Marcos interviu, sorrindo.

— Como a Yasmin era? — Meu amigo indagou.


— Ela era bem-humorada, sempre com um sorriso no rosto e contando
piadas. Vocês seriam bons amigos... — Marcos sorriu em concordância e eu
prossegui — Tinha um sorriso contagiante daqueles que contaminavam
qualquer ambiente que chegasse. Yasmin era doce, mas determinada, dona de
um coração do tamanho do mundo. Vivia querendo ajudar as pessoas e os
animais. Daria para montar um canil com todos os filhotes abandonados que ela
levava para casa. Ela também era terrivelmente desastrada... Vivia esbarrando
nas pessoas e derrubando objetos — completei algum tempo depois.

Essa lembrança era triste, pois fora o primeiro sintoma da ELA e


ninguém ao seu lado percebeu, achávamos que era normal, que ela era
estabanada como a sua mãe vivia repetindo.

— O que aconteceu? — indago preocupado quando a encontro caída no


chão do banheiro da minha casa — Você se machucou?

— Eu simplesmente caí e não consigo levantar... — falou com os olhos


cheios de lágrimas.

— Calma, amor — envolvi seu corpo num abraço apertado — Está tudo
bem, você apenas se desequilibrou por conta da labirintite.

Há uns dois meses, após desmaiar durante a aula de educação física,


Yasmin fora levada a emergência e os médicos disseram que ela estava com
labirintite e passou a tomar remédios diários.
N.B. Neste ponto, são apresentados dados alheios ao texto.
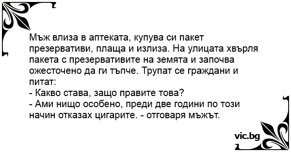 Мъж влиза в аптеката, купува си пакет презервативи, плаща и излиза. На улицата хвърля пакета с пpeзepbatиbиte на земята и започва ожесточено да ги тъпче. Трупат се граждани и питат:

Mas parecia que o tratamento não
estava surtindo efeito, pois os desmaios e quedas tornaram-se ainda mais
frequentes.

— Alê, eu não desequilibrei — seus braços me abraçaram forte — eu caí


feito um saco de batatas. E se você não tivesse chegado aqui eu estaria até agora
nesse chão gelado. Pois minhas pernas estão sem força... — completou num soluço
cortante.

— Está tudo bem agora! — levantei seu corpo com cuidado e saí do
banheiro carregando-a nos meus braços.

— O que houve, meu filho? — minha mãe surgiu quando eu estava no


corredor. Seus olhos fitaram Yasmin e as duas conversaram só com o olhar.
Era impressão minha ou olhos da minha mãe estavam marejados?

— A Yasmin ficou tonta e se desequilibrou no banheiro. Mas está tudo


bem...

— Entendo, mas ligarei para o médico da nossa família para que possa vir
avaliá-la.

Concordei e segui para o meu quarto, sentei na cama com ela em meu colo.

— Vai ficar tudo bem... — acariciei seu rosto, uma ruga de preocupação
estava ali em destaque.

Yasmin sempre fora desastrada, mas de um tempo para cá isso estava cada
vez mais frequente, era comum ela deixar a caneta cair durante a aula, derrubar
copos e talheres nas refeições, até a sua mastigação estava mais lenta. O otorrino
que a atendeu disse que era por conta da labirintite e que os remédios
amenizariam os sintomas...

— Boa tarde — o médico invadiu nosso quarto acompanhado de perto


pela minha mãe. Estranhei o fato do médico não se aproximar para examiná-la,
ele apenas ficou ali parado em frente à minha cama nos fitando com tristeza. —
Alexandre, estou aqui para te ajudar a entender o que está acontecendo com a
Yasmin... — Ele completou minutos depois.

— A Yasmin precisa que você seja forte! — Minha mãe disse com a voz
embargada, deixando uma lágrima escapar.

— O que está acontecendo aqui? — Indaguei sem entender.

— Você prefere que eu conte? — O médico indagou para Yasmin que


negou com lágrimas nos olhos.

— Eu quero que você me escute até o fim, tudo bem? — Forçou um


sorriso e um temor percorreu meu corpo. Eu não entendia a reação do médico e
todo aquele suspense estava me matando. Não deveria ser apenas uma
labirintite...

Será que os desmaios e náuseas significava que ela estava esperando um


filho? Se fosse, não havia motivo para tudo isso. Claro que um filho agora, não era
o ideal, mas não havia motivo para isso, filho era amor multiplicado.

— Senta aqui, amor — indicou o espaço na cama ao seu lado — Eu


preciso te contar algo, mas eu quero que você prometa que não vai fugir.

— Você está grávida? — Arqueei a sobrancelha.

— Não — sorriu tristemente — a vida me surpreendeu de outra forma e


teremos que lidar com essa surpresa — seus olhos permaneceram fixos nos meus e
meu coração perdeu o compasso — Isso significa que a nossa viagem a Paris que
aconteceria ao fim do mês não acontecerá...

— Podemos remarcar quando tudo se organizar.

— Não se organizará e está tudo bem, acredite! — Uma lágrima rolou pela
sua face.

— O que está acontecendo? — interroguei atordoado e olhei para a minha


mãe que observava tudo com lágrimas deslizando pelo rosto — Doutor, o que a
Yasmin tem? — o médico apenas balançou a cabeça.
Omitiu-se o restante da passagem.